Antiplatelet drugs, such as aspirin and clopidogrel, as well as anticoagulants (mainly enoxaparin), have been used to treat acute stroke in patients with COVID-19.39,41,43,44 No studies have reported whether antiplatelet therapy is superior to anticoagulants or vice versa, and some patients are prescribed dual therapy.41

Several papers mention the use of low-molecular-weight heparin at prophylactic doses in patients with COVID-19.28,36,38,41-44 Its effectiveness, however, remains questionable; Klok et al.38 reported that despite enoxaparin administration, 31% of patients had thrombotic complications. The same study proposed that a more aggressive approach should be implemented, by increasing the frequency of administration or dose.38


The true extent of the impact COVID-19 has had on stroke will be revealed by the findings from the ongoing CASCADE study. This study aims to identify clinical predictors of stroke in patients positive for COVID-19, providing insight into the pathological pathways at play in the disease process.50

Ultimately, a greater understanding of SARS-CoV-2 pathogenesis is required, in order to develop preventative measures and targeted therapies.51 Multiple theories have been formulated in regard to the correlation between COVID-19 and stroke, but further research is needed before these theories can be translated to changes in clinical practice. The implication of inflammatory processes and production of IL-6, as well as the role of ACE2 depletion, have been proposed as possible explanations for a causal relationship.14,52 It is advisable to pursue the confirmation or rejection of these theories. Additionally, introducing neurological monitoring of patients may assist in the formulation of a timeline of disease progression in those with neurological sequelae.52

At present, two randomised controlled trials are reviewing the efficacy of enoxaparin as prophylactic therapy.53,54 However, in order to develop prophylaxis and treatment guidelines, more research is needed. Further trials to investigate the aforementioned proposal of increasing the dosage of low-molecular-weight heparin are needed to ensure that its benefits outweigh the risks.38,55 Lastly, a study comparing anticoagulant and antiplatelet therapies would be valuable to clinicians. Future retrospective and case studies should consider incorporating the decision-making process when choosing the best treatment for patients.

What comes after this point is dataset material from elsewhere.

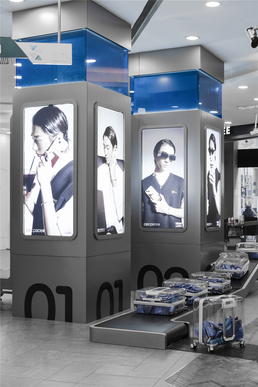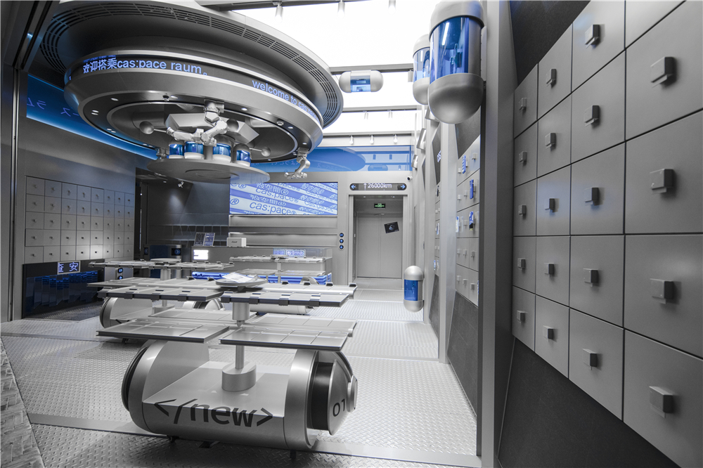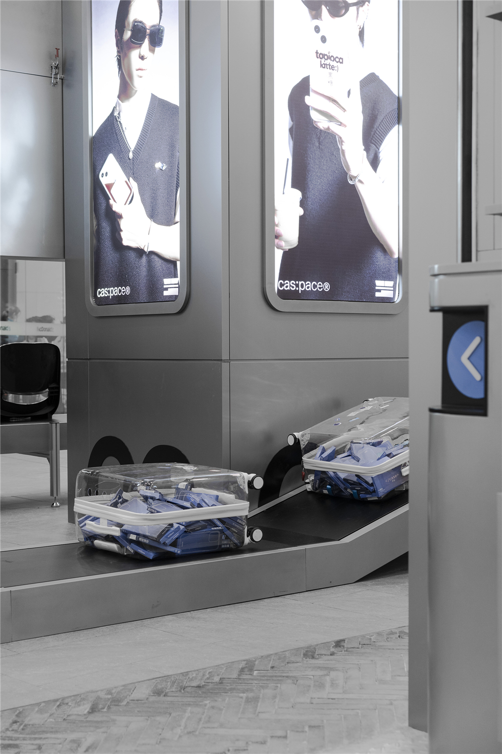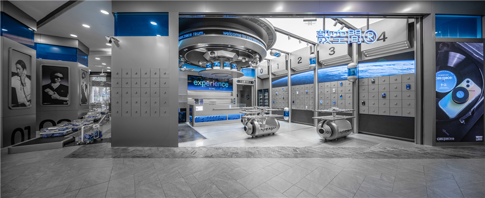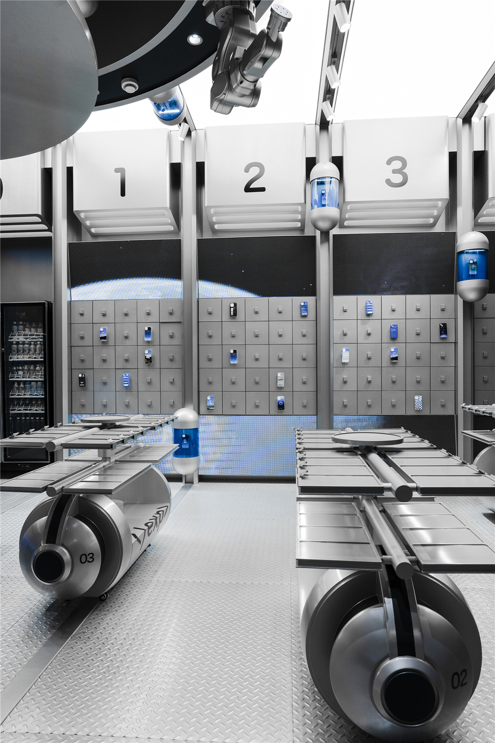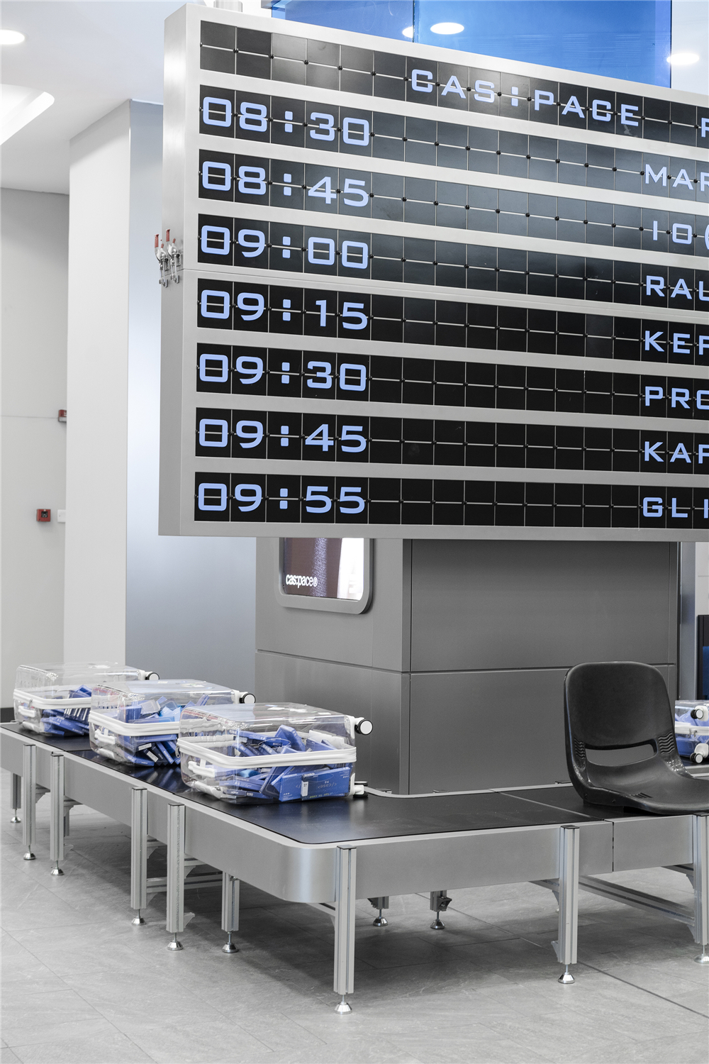 宇宙电梯是一个宏大的计划与构想,这次设计却是要把它融入到一个80㎡的空间中,是一件很有挑战的任务。最终我们把场景叙事设定到了宇宙电梯的起点。把我们产品定义为需要被运输的对象“殻物质”。它需要通过等候,安检,服务中心,运输等一系列场景与动作才能出发到终点。这样的流程也像极了一个产品从生产开始最终到消费者手中需要经历的层层关卡,从而让顾客能体验到最优质的产品。

In this succinct review, stroke was discussed from an infectious disease perspective. Addressed were the potential pathophysiological mechanisms of stroke in patients with COVID-19, and how these can be used to inform decisions regarding both prophylaxis and treatment. The authors acknowledge that the scarcity and inconsistency of previous literature presents additional challenges when attempting to understand the complex relationship between stroke and COVID-19. Ultimately, further research is needed to enhance our understanding of both the direct effects and systemic repercussions of infection.